WASHINGTON — The number of people seeking unemployment benefits fell sharply last week, an encouraging sign that layoffs are easing.
The Labor Department says that weekly applications dropped 37,000 to a seasonally adjusted 391,000, the lowest level since April 2. It's the first time applications have fallen below 400,000 since Aug. 6.
Applications typically need to fall below 375,000 to signal substantial job growth. They haven't been that low since February.
A Labor Department spokesman said some of the drop was due to technical difficulties related to seasonally adjusting the figures. The spokesman said some states also reported higher applications in previous weeks due to Hurricane Irene.
The four-week average, a less volatile measure, fell to 417,000, the first drop in six weeks.
Despite the signs of improvement, the job market remains sluggish.
Many businesses have pulled back on hiring in the past few months as the economy has weakened. Consumers are reluctant to spend, with unemployment high, wages stagnant, and gas prices at about $3.50 a gallon.
Consumer confidence plunged in August to recessionary levels, after lawmakers battled over raising the government's borrowing limit and Standard&Poor's cut its rating on long-term U.S. debt. That sent the stock market sharply lower, which hurts consumers' ability to spend.
Retail sales were flat in August, a sign the turmoil caused consumers to pull back.
Businesses also held off on hiring. Employers added no net jobs in August, the worst showing in almost a year. The unemployment rate was stuck at 9.1 percent for the second straight month.
Investors also worried last week that Europe won't be able to prevent Greece from defaulting and worsening the region's debt crisis. That sent the U.S. stock market down 6.4 percent, its biggest weekly loss since October 2008, in the midst of the financial crisis.

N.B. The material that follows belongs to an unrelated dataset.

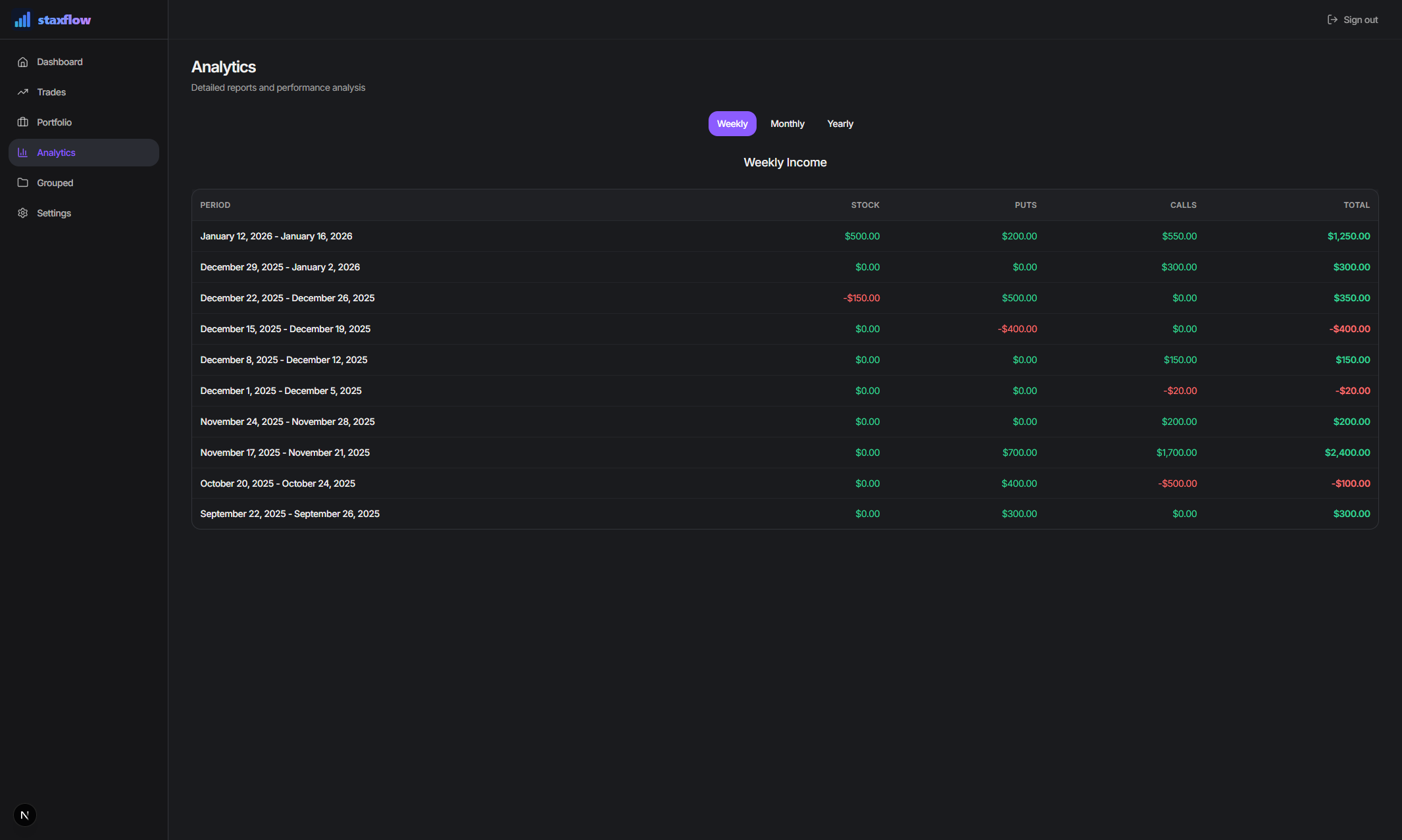 Understand your performance with detailed breakdowns. View P&L by week, month, or year.

If Greece defaults, that could destabilize other indebted countries, such as Portugal, Ireland and Italy. It could also harm many of Europe's banks, which own Greek debt.

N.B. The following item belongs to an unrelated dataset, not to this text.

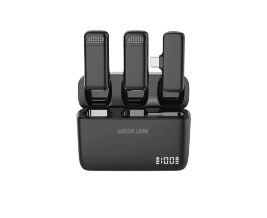 The Green Lion Duo Cast Wireless Microphone operates on a 2.4GHz digital frequency with 20Hz-20kHz response and 48kHz sampling, providing clear audio up to 20 meters. It features automatic pairing, plug and play functionality, and a 7-hour working time with a 500mAh charging case that allows three full charges. Compatible with Type-C and Lightning devices, it is ideal for streaming, recording, or presentations and is worn clipped or handheld for versatile use.

If European banks hoard cash to make up for their losses and stop lending to their U.S. counterparts, that could restrict credit in the United States and slow the economy. And a financial crisis in Europe would reduce U.S. companies' exports and sales to the region.
The slow growth and turmoil have raised fears that the U.S. economy could enter another recession. Some economists put the odds as high as 40 percent.

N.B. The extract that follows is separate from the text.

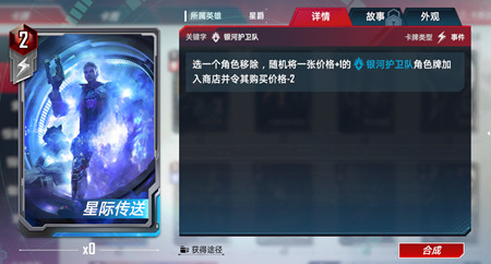 选一个角色移除,随机将一张价格+1的银河护卫队角色加入商店并令其购买价格-2.

The economy barely grew in the first six months of this year. Still, economists expect growth will improve a bit in the second half, to 1.5 percent to 2 percent. But that's not enough to spur much hiring and won't feel much better than a recession to most Americans.
The latest sign of a weak job market came Wednesday, when the Conference Board said its index of online help-wanted ads fell by 1.1 percent to 3.95 million. Openings have fallen by about 500,000 in the past six months, the group said, after jumping by more than 750,000 in the first three months of the year.
Instead of hiring, companies are spending on new equipment. A key measure of business investment plans rose 1.1 percent in August, the Commerce Department said Wednesday. Companies ordered more machinery, computers and communications equipment.
That's a good sign, because it shows that businesses are sticking with their investment plans, despite recent signs of economic weakness.
Last week, the Federal Reserve took its latest step to boost the economy. It said it will swap $400 billion of short-term Treasury securities into longer-term notes and bonds. The central bank said it will also reinvest the proceeds from its maturing mortgage-backed securities into new mortgage-backed bonds. Both steps should reduce mortgage rates.